■ **Extracted data**:
________________________________________

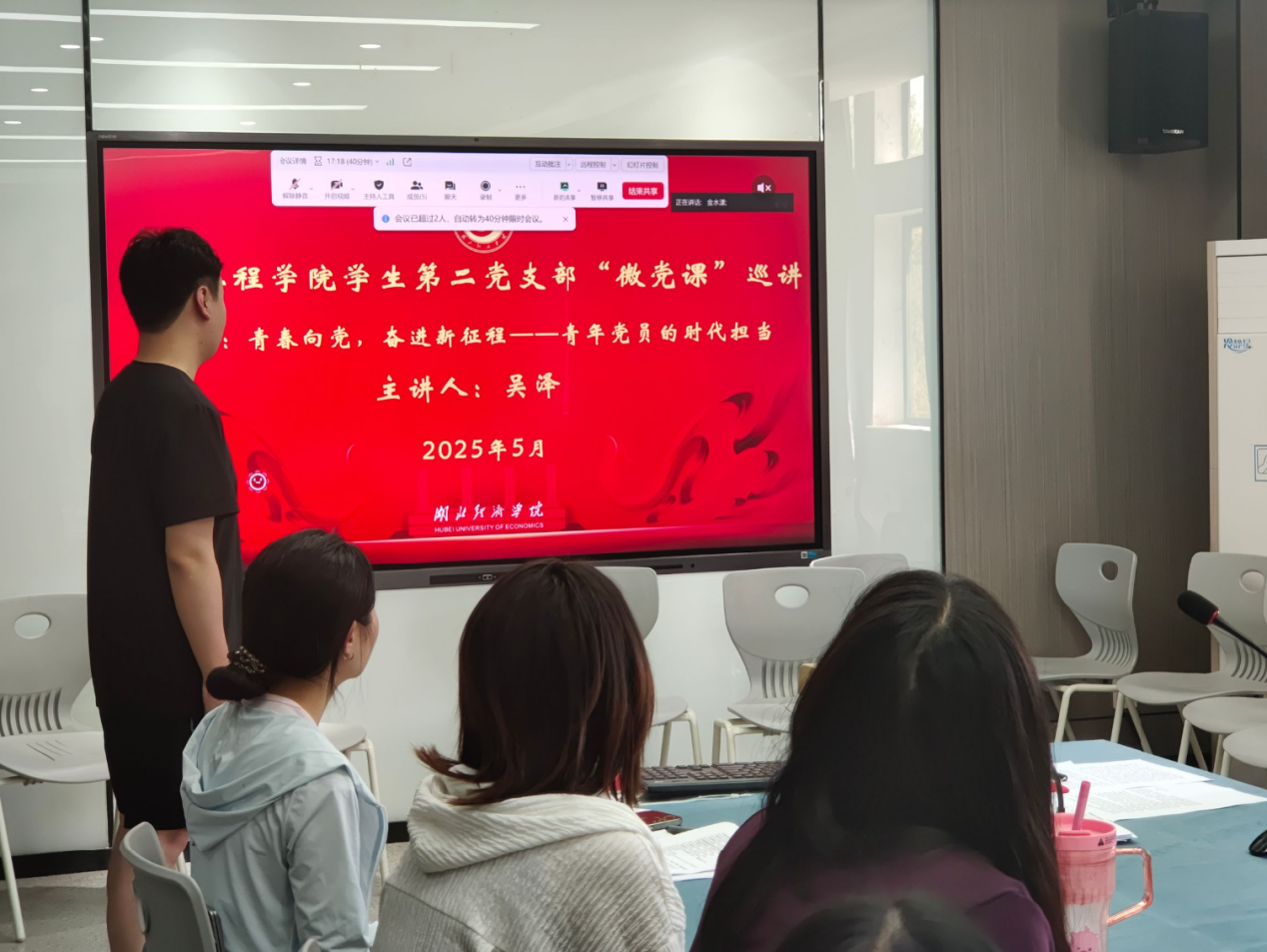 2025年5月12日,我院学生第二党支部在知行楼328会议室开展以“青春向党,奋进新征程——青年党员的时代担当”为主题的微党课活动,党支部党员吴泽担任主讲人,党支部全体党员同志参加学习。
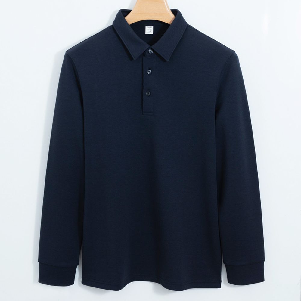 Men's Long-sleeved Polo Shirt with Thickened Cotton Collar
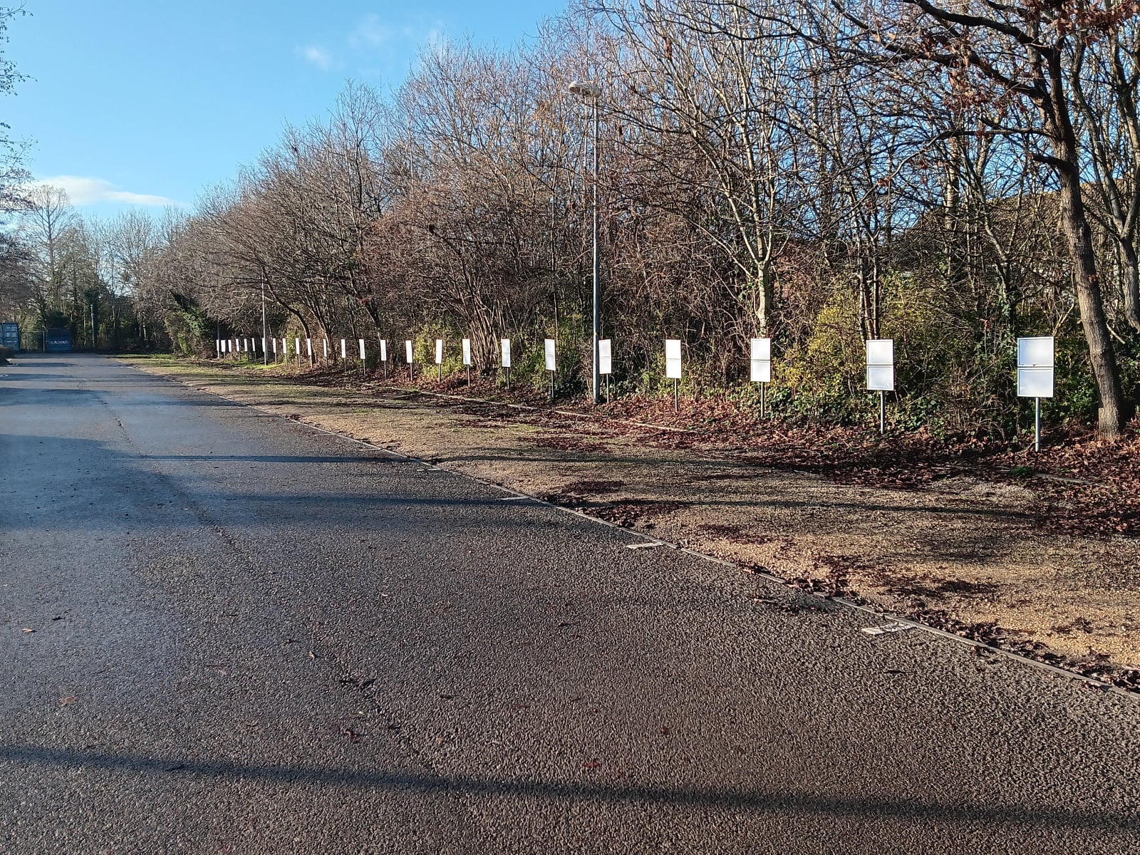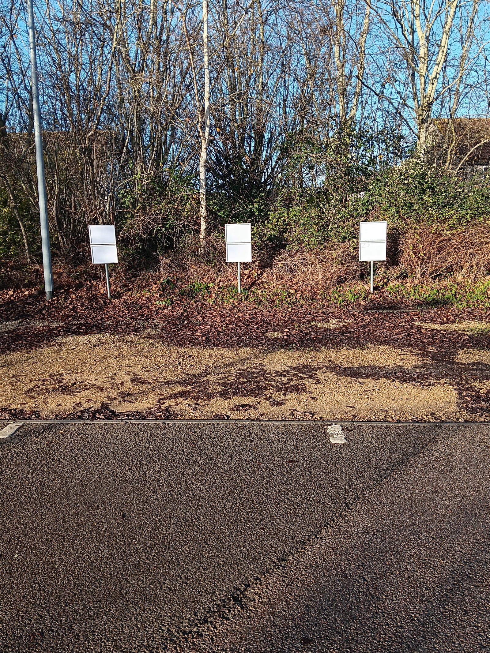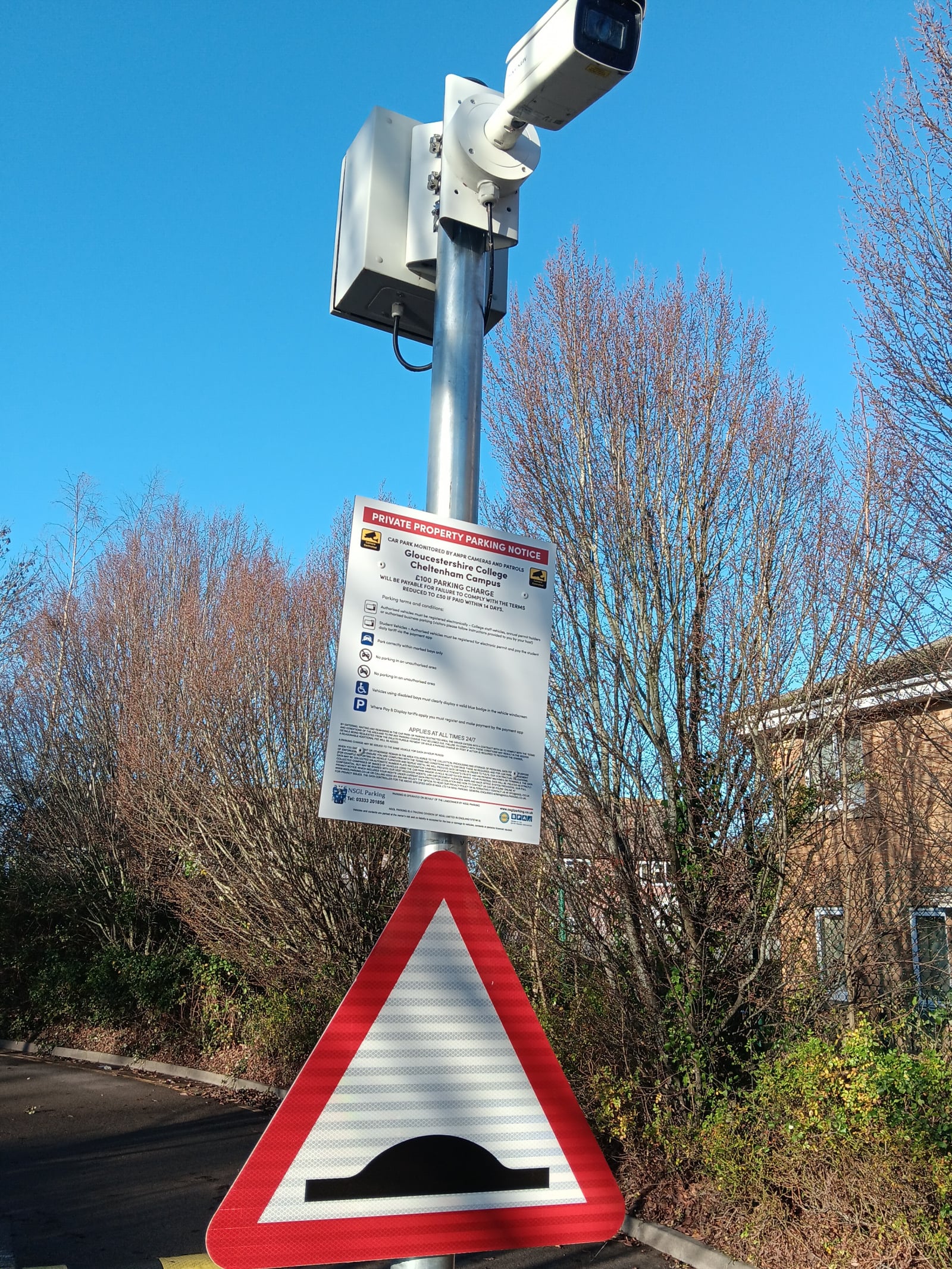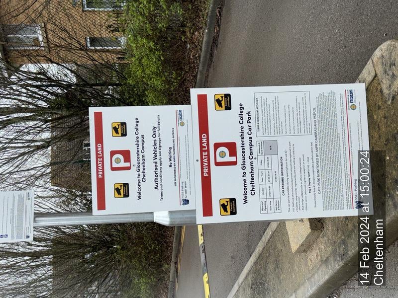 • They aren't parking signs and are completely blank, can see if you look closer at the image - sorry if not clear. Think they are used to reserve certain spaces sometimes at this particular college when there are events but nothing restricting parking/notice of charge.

________________________________________

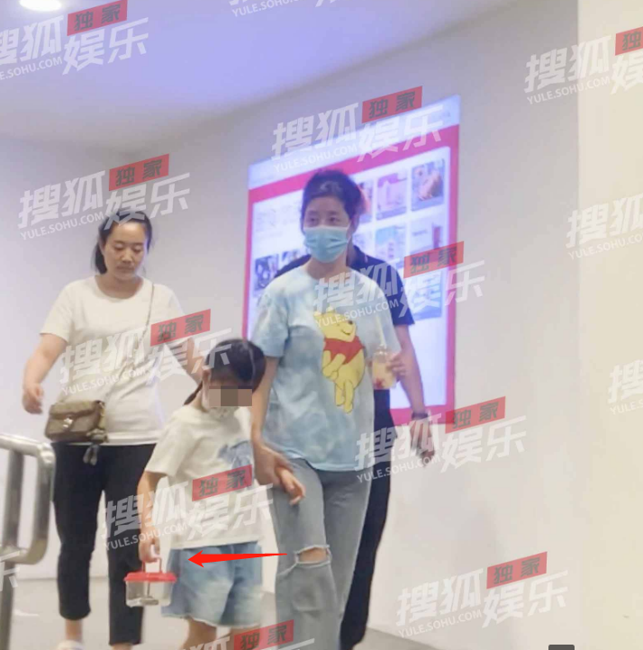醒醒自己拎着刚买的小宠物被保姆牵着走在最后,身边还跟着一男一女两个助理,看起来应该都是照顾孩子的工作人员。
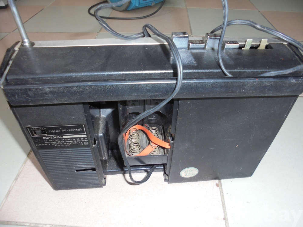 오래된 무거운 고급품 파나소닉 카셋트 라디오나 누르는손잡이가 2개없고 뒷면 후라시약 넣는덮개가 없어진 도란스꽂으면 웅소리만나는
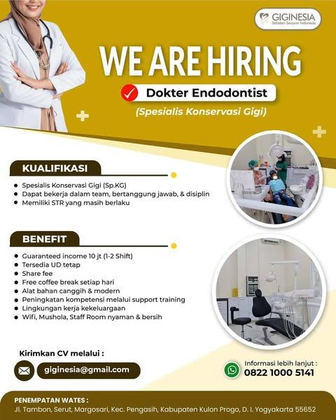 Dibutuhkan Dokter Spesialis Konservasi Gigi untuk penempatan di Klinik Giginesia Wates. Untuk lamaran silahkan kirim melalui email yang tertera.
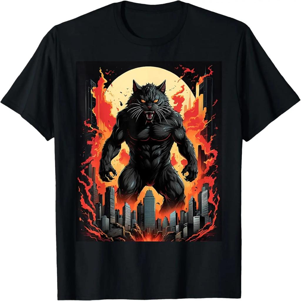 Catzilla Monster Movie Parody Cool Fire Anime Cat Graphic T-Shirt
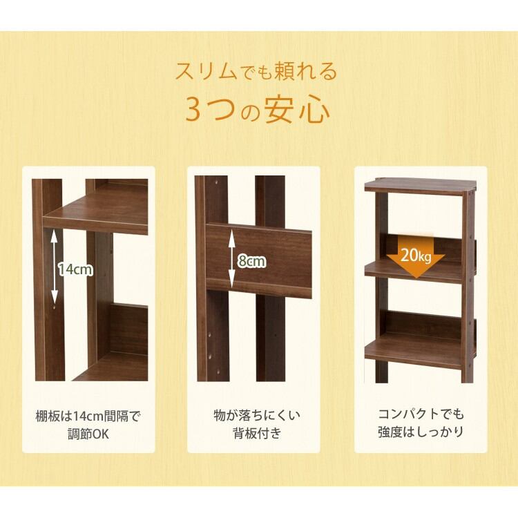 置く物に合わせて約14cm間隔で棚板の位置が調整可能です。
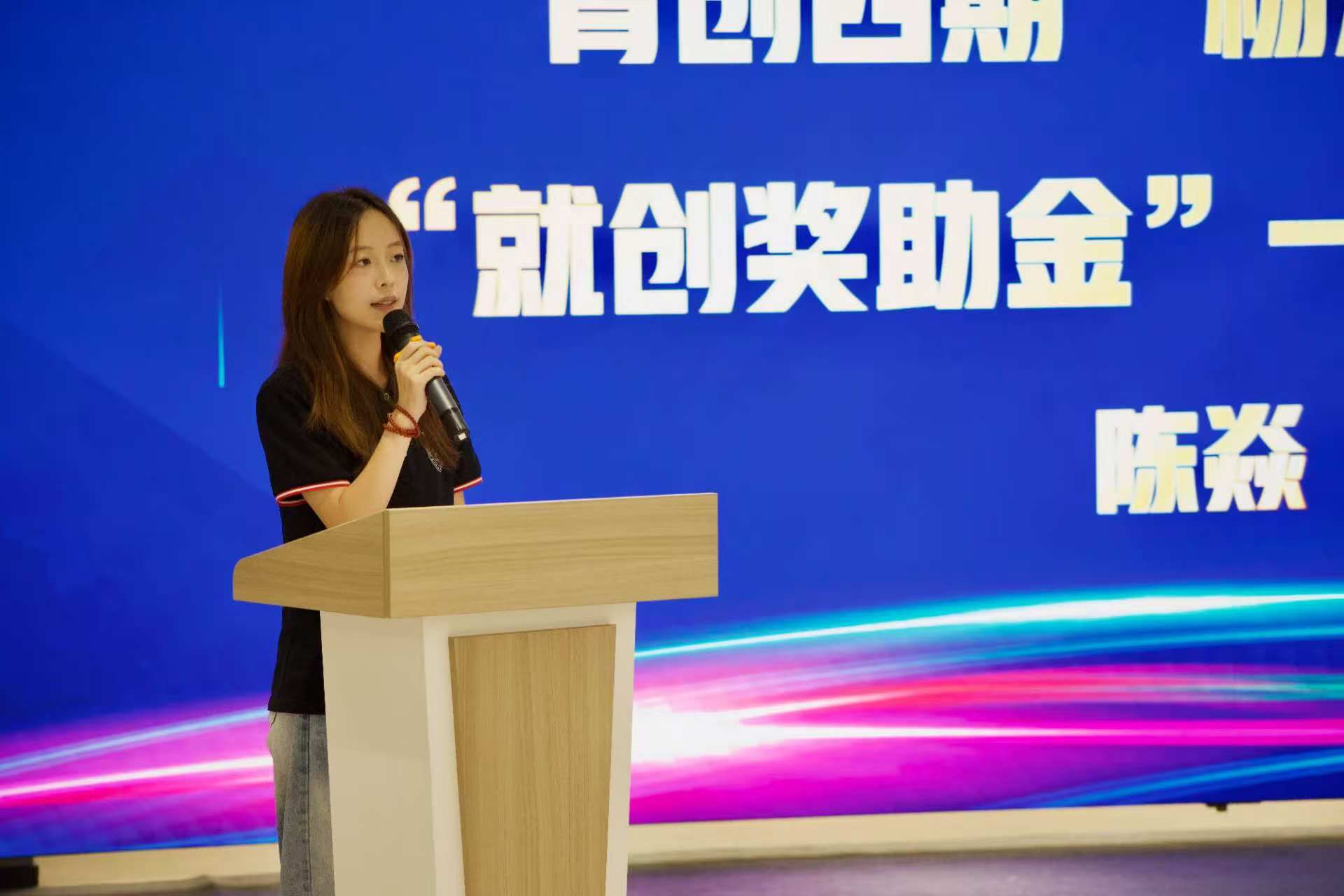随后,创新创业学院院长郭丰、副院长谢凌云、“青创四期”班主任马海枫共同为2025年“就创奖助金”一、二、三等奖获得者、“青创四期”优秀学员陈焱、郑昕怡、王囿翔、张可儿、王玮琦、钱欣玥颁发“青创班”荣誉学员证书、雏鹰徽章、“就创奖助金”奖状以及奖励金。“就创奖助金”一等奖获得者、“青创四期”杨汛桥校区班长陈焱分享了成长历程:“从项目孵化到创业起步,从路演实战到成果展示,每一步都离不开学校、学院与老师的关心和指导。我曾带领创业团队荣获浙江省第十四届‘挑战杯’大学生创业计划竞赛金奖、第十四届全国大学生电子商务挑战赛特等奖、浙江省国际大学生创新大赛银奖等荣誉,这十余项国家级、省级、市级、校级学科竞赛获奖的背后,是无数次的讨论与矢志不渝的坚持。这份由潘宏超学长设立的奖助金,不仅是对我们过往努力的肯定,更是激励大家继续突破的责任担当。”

________________________________________

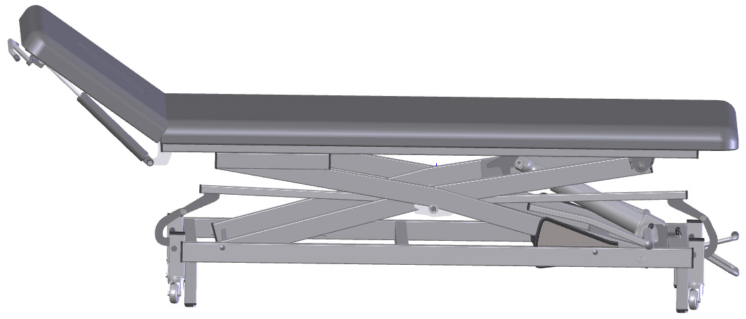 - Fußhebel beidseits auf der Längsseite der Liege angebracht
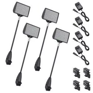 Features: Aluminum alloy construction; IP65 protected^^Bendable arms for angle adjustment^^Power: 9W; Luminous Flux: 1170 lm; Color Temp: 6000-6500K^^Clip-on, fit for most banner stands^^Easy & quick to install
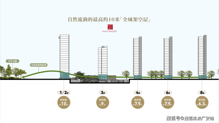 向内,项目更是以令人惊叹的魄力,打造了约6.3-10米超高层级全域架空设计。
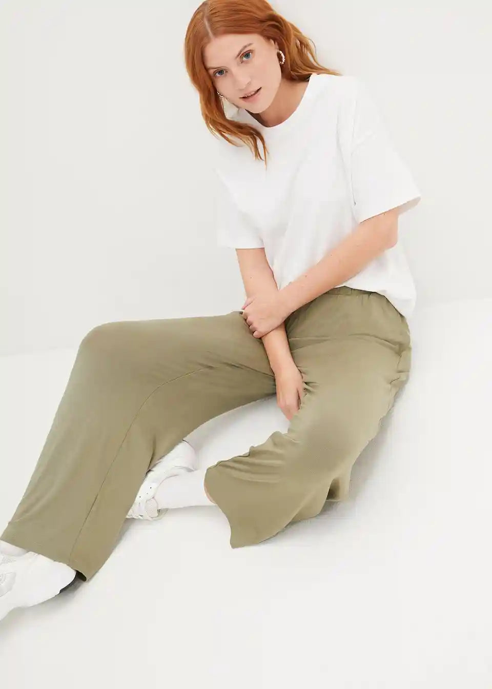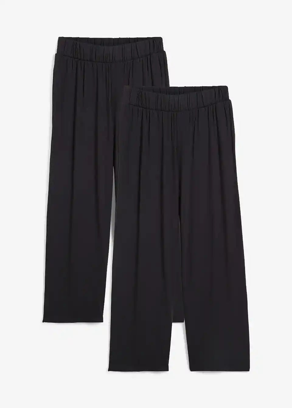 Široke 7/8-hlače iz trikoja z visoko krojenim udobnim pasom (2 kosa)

________________________________________

■ **Instructions to follow**:
In the listing above, find the line with "2025年5月12日,我院学" and the line with "parking/notice of charge.". Output both, plus every line between them, and no pictures.

■ **Output of the task**:
 2025年5月12日,我院学生第二党支部在知行楼328会议室开展以“青春向党,奋进新征程——青年党员的时代担当”为主题的微党课活动,党支部党员吴泽担任主讲人,党支部全体党员同志参加学习。
 Men's Long-sleeved Polo Shirt with Thickened Cotton Collar
 • They aren't parking signs and are completely blank, can see if you look closer at the image - sorry if not clear. Think they are used to reserve certain spaces sometimes at this particular college when there are events but nothing restricting parking/notice of charge.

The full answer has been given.